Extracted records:
_ _ _ _

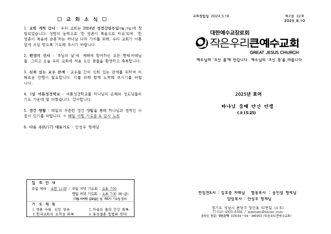 | 8월 24일 (성령강림절 후 열한째 주일) 주보 (0) | 2025.08.24 |
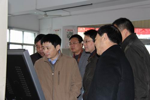 省中管局副局長肖鋒(左前一)查看醫(yī)院查詢系統(tǒng)
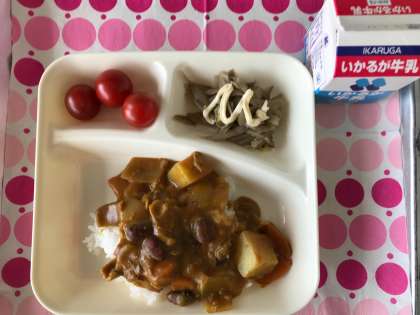 「豚肉と金時豆のカレーライス」の金時豆は、ドライパックの金時豆を使用しています。昨年度から給食に登場した好評なメニューです。
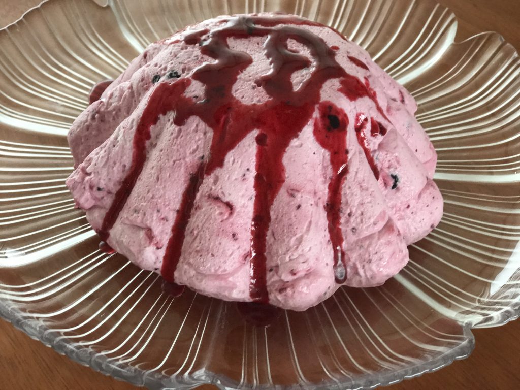 Varm lidt af solbærpuren med lidt creme de cassis – passer det gennem en sigte og hæld det over lige før servering! Denne dessert er enkel – men man skal lige have en god føling med flødskummet så desserten ikke bliver for stiv men heller ikke for blød!
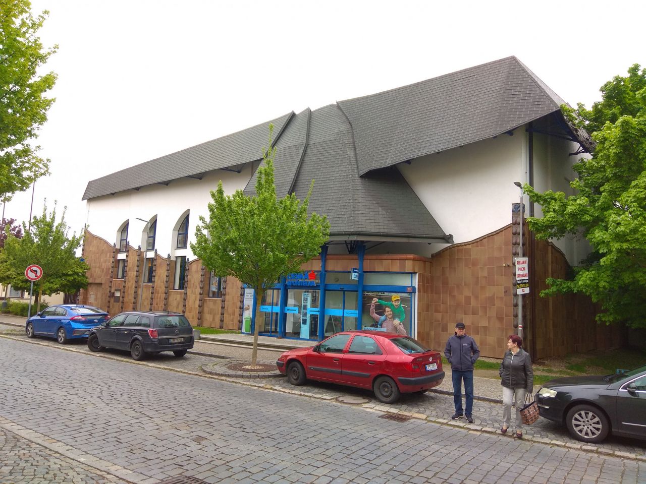 Zmíněný pozemek je vlevo od vchodu do budovy České spořitelny.
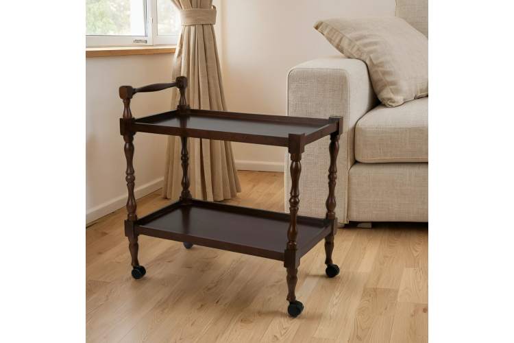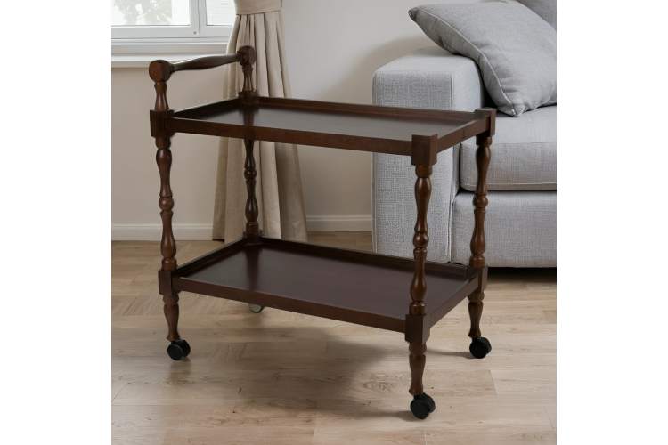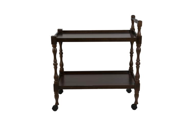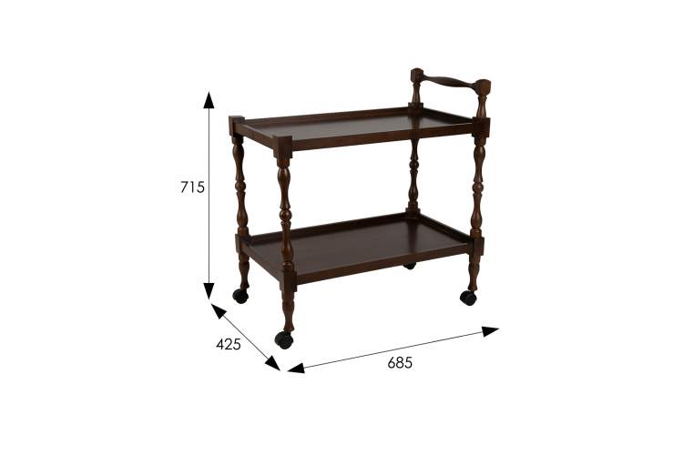 Это скорее практичный, нежели стильный предмет. В этом столике все предусмотрено для того, чтобы пользоваться им было удобно и безопасно. Ограничители на столешнице не дадут предметам сервировки съехать с нее при движении.
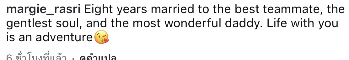 โดย “มาร์กี้ ราศรี” ได้โพสต์โมเมนต์ภาพคู่ พร้อมระบุแคปชั่นว่า “8 ปีในการแต่งงาน สู่การเป็นเพื่อนร่วมทีมที่ดีที่สุด จิตใจอ่อนโยนที่สุด และเป็นคุณพ่อที่วิเศษที่สุด ชีวิตที่มีกับคุณคือการผจญภัย“
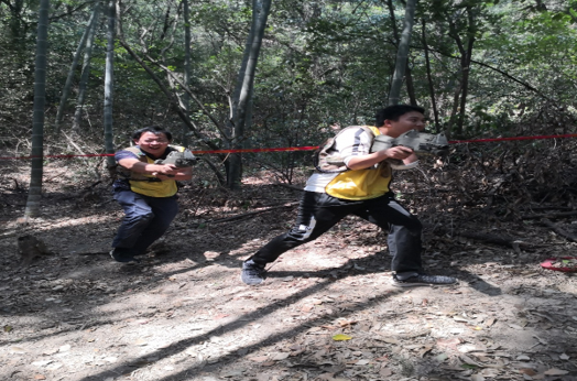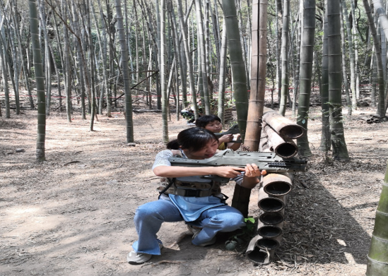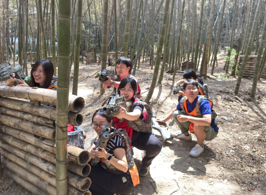 接着,老师们体验了真人CS镭战。四个队伍被并成两个队伍,分别是黄蓝联盟和红橙CP。 “战友们”穿上武装,扛起冲锋枪,在竹林中开展决战。战斗共进行了两轮,异常激烈,老师们忘却了年龄和身份,化身为战士,利用地势和掩体,和队友并肩作战,发起冲锋。
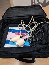 Apparecchio ultrasuoni in foto completo di manuale x utilizzo mirato al bisogno attraverso programma con frequenze munito di borsa alimentatore e manopole pagato 10 volte di piu del prezzo cui lo cedo in quanto resterebbe inutilizzato...usato poco e niente come si puo vedere dalla pellicola frontale ancora presente...
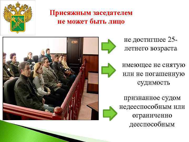 Присяжным заседателем не может быть лицо не достигшее 25 летнего возраста имеющее не снятую или не погашенную судимость признанное судом недееспособным или ограниченно дееспособным
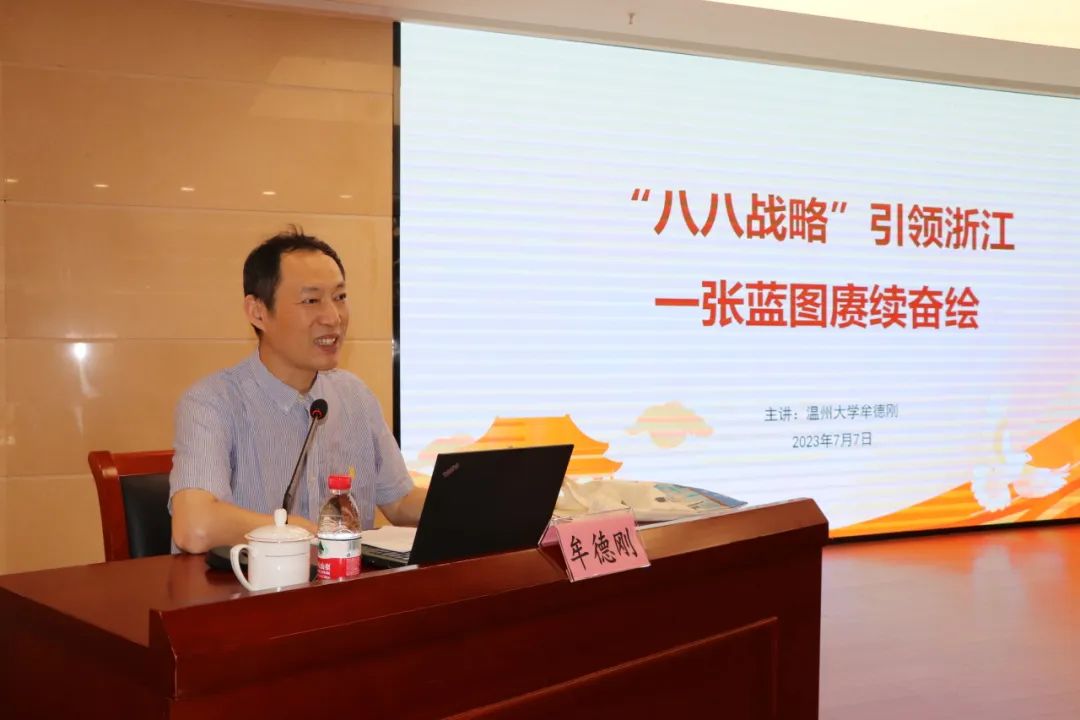 结合“支书讲堂”,此次示范党课活动特邀请了日本a片 原党委副书记、教授,浙江省高校首批红色讲师、温州市理论宣讲名师、日本a片 离退休第三党支部书记牟德刚同志作《“八八战略”引领浙江 一张蓝图赓续奋绘》专题讲座。
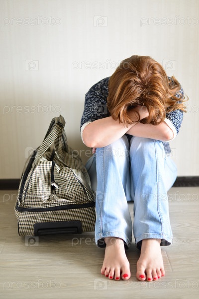 Грустная женщина с чемоданом
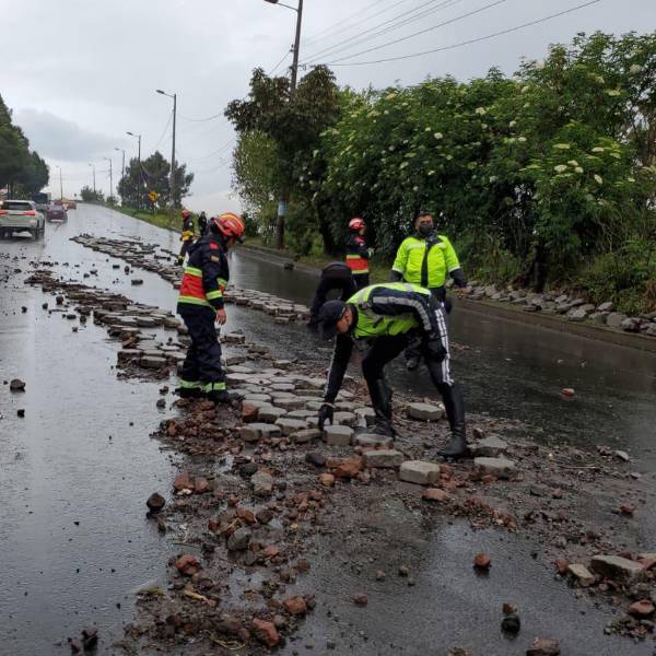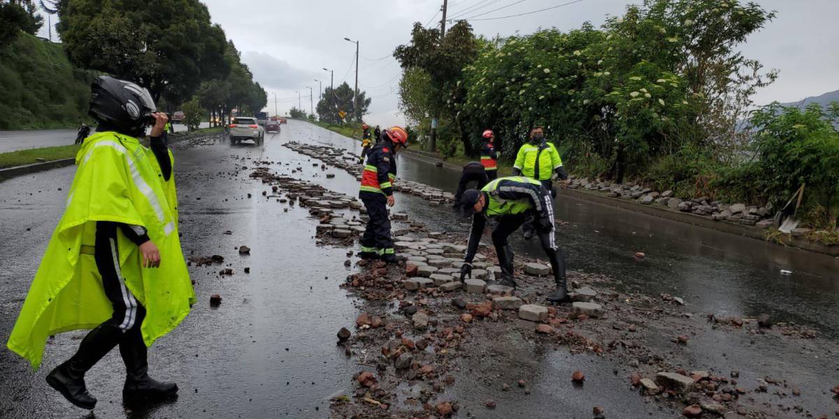 Un río de agua que arrastró adoquines, piedras, tierra y basura se formó en la avenida Gonzalo Pérez Bustamante que conecta a la Simón Bolívar con la Rafael Morán Valverde. De igual forma, personal del Cuerpo de Bomberos de Quito y la Agencia Metropolitana de Tránsito (AMT) atendieron un deslizamiento de tierra que ocurrió en la Simón Bolívar, en sentido sur - norte, pasando El Troje.

_ _ _ _

Exercise description = Only the lines from the one containing "Присяжным заседателем не" through the final line of the entries belong in the copy, both ends included. Pictures stay out.

Output for this exercise =
 Присяжным заседателем не может быть лицо не достигшее 25 летнего возраста имеющее не снятую или не погашенную судимость признанное судом недееспособным или ограниченно дееспособным
 结合“支书讲堂”,此次示范党课活动特邀请了日本a片 原党委副书记、教授,浙江省高校首批红色讲师、温州市理论宣讲名师、日本a片 离退休第三党支部书记牟德刚同志作《“八八战略”引领浙江 一张蓝图赓续奋绘》专题讲座。
 Грустная женщина с чемоданом
 Un río de agua que arrastró adoquines, piedras, tierra y basura se formó en la avenida Gonzalo Pérez Bustamante que conecta a la Simón Bolívar con la Rafael Morán Valverde. De igual forma, personal del Cuerpo de Bomberos de Quito y la Agencia Metropolitana de Tránsito (AMT) atendieron un deslizamiento de tierra que ocurrió en la Simón Bolívar, en sentido sur - norte, pasando El Troje.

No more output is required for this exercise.